I wanted to make a similar dish, but less spicy and a little sour, so I decided to use red chilli powder and lemon, and finish it off with fried curry leaves for extra flavor and crunch. I don’t know if there is actually a special kind of chicken dish in Thrissur named after the place, but I just took the name and made it my own.

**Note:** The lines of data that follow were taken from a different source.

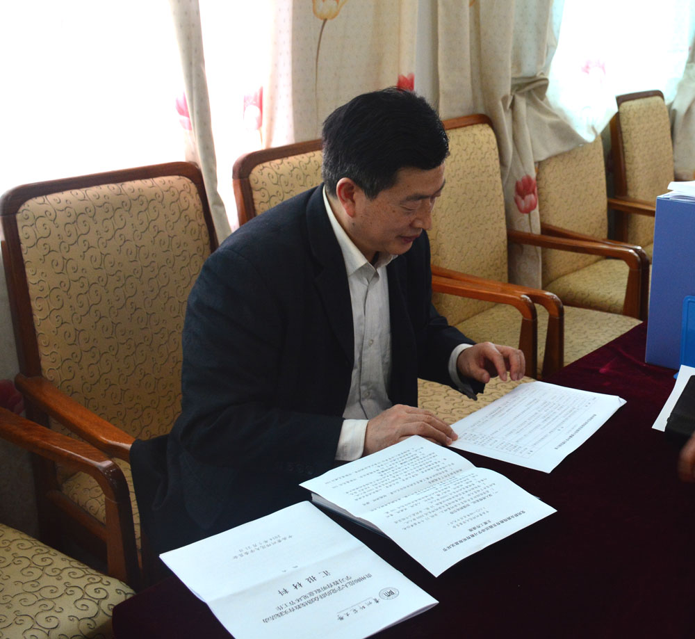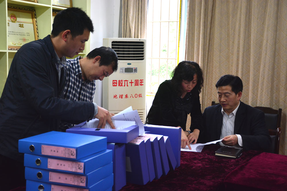 听取汇报会后,高万能和杨元华全面认真地查看了学校教育实践活动档案材料,重点检查了校级领导班子及校级党员领导干部集中学习、听取意见、立行立改等重点工作情况;随后选择并深入到校长伍鹏程教育实践活动联系点地理与环境科学学院,听取了地环学院党委书记杨建红的汇报,查看了地环学院教育实践活动的相关资料。陶平与余龙在学校田家炳教育书院二楼大学外语教学部会议室,组织召开了学校中层党员干部、教师代表、离退休老同志代表、学生代表等共22人参加的座谈会,发放第一环节“回头看”暨评估测评表进行测评。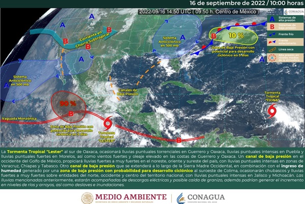Culiacán, Sinaloa, a 16 de septiembre de 2022.- En seguimiento a las labores de monitoreo que realiza el Instituto Estatal de Protección Civil de Sinaloa que dirige Aurelio Roy Navarrete Cuevas, se determinó que, con fundamento en el reporte climatológico efectuado por la Comisión Nacional del Agua, se determinó que la recién formada Tormenta Tropical «Lester», no representa peligro para Sinaloa, aunque se mantiene el pronóstico de lluvias fuertes de acuerdo a la última información disponible.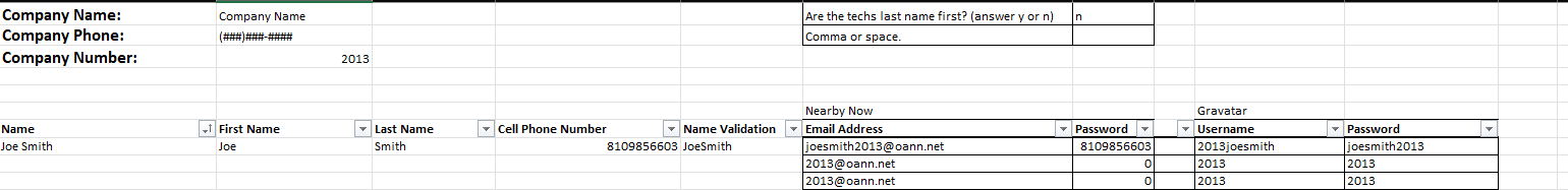 Open the document and put in the Company Name, Phone Number, and CID in the top. Then look at the Zoho ticket that was generated when the customer signed up and put in the technicians Full name in the Name field. Then put the phone number provided in the Cell Phone Number field and the username/email address and password will be generated.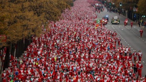 奔跑吧,圣誕老人!西班牙首都馬德里近日舉行第4屆圣誕老人賽跑,逾1萬人打扮成圣誕老人參加,打破去年5173人的吉尼斯世界紀錄。比賽隊伍沿著西甲球隊皇家馬德里主場班拿貝球場的街道跑5.5公里,場面十分壯觀。本次比賽每人參賽費用為12歐元,所有收益捐贈多發性硬化癥基金會。

This dish turned out great….sharp, spicy, and full of aroma. And the fried curry leaves added such great texture! That’s the thing about curry leaves…they do not get soggy as soon as they come into contact with air. So it remained crispy from mid-morning till 2pm, when we finally ate.

THRISSUR CHICKEN

INGREDIENTS

  • 300 grams chicken, cut into small pieces
  • 1 teaspoon red chilli powder
  • 1 teaspoon dry ginger powder
  • 1/2 teaspoon coriander powder
  • 3 large cloves of garlic
  • Juice of 1 lime
  • Coconut oil- 5 tablespoons for frying + 1 tablespoon for marination
  • Curry leaves- 20
  • Salt to taste

METHOD

  • Place the chicken in a large bowl. Add the dry ginger powder+chilli powder+coriander powder+1 tablespoon of coconut oil+juice if 1 lime. Grate 3 cloves of garlic into the chicken. Mix everything together with your hands so that the chicken is evenly coated.
  • Allow the chicken to rest in your fridge for at least one hour.
  • Once the chicken has rested, heat the coconut oil in a wok. Once the oil is hot, add the curry leaves and swirl around for approx 30-60 seconds till they are crisp. Remove from oil, drain and keep aside in a separate bowl or plate.
  • Into the same wok, add the marinated chicken pieces and stir-fry till cooked and crispy. You can add some sugar or a little ketchup to caramelize, if you wish.

I’ll be honest…this is not the healthiest dish, since it is shallow-fried, but it tastes great. We ate this with steamed rice and dal, but it would go great with rotis too. It would even taste nice rolled up in a roti with a dollop of hung curd.

The Easiest Spinach Recipe: Spinach Raita

I have been reading Barbara Kingsolver’s Animal, Vegetable, Miracle and in her book she talks about the importance of eating greens and why so many kids dislike spinach. Her theory is that when you overcook spinach, it turns almost black, and no child will want to eat a lump of black goo. Fair enough. Not many adults would either.

I am a lover of all things green and leady (and no, this does NOT include the green leafie that goes into ‘special’ brownies…I am a responsibe mother!) and I try and include something every day. The easiest recipe for spinach I have is a spinach raita or yogurt-based salad my mom makes. It is so easy, and is such a great accompaniment to roti and rice, and it works with all kinds of Indian cuisine.

All you need is a bunch of spinach, some yogurt and salt. THAT’S IT. You may also take the liberty of adding other green garnishes like mint and cilantro, but this raita tastes good as is.

BLANCHING SPINACH

I learned this from Rachel Allen’s Home Cooking, when she was making a spinach quiche. She said that when blanching spinach, only pour enough water to just about cover the spinach. Drowning it in water will rob the spinach of all it’s goodness, because the folic acid will seep out. So add water accordingly.

SPINACH RAITA

INGREDIENTS

  • 1 bunch spinach, cleaned
  • 400 grams yogurt (one regular dabba of store-bought dahi)
  • Salt to taste
  • A few leaves of mint and cilantro, chopped

METHOD

  • Blanch the spinach in water for a few minutes
  • Drain water and wring excess water
  • Finely chop the spinach
  • In a bowl, mix yogurt, chopped spinach, mint and cilantro until evenly combined. Add salt to taste. That’s it!!

This would taste even better with sour cream and could double up as a dip with crackers. But unfortunately I haven’t been able to source sour cream in Mumbai so far. For a little variation, you could sprinkle some paprika on top and/or drizzle a little olive oil, if you would like to go Mediterranean-style.  Improvisation is what makes cooking fun! (I did this to try and make it look phancy. The operative word being tried.)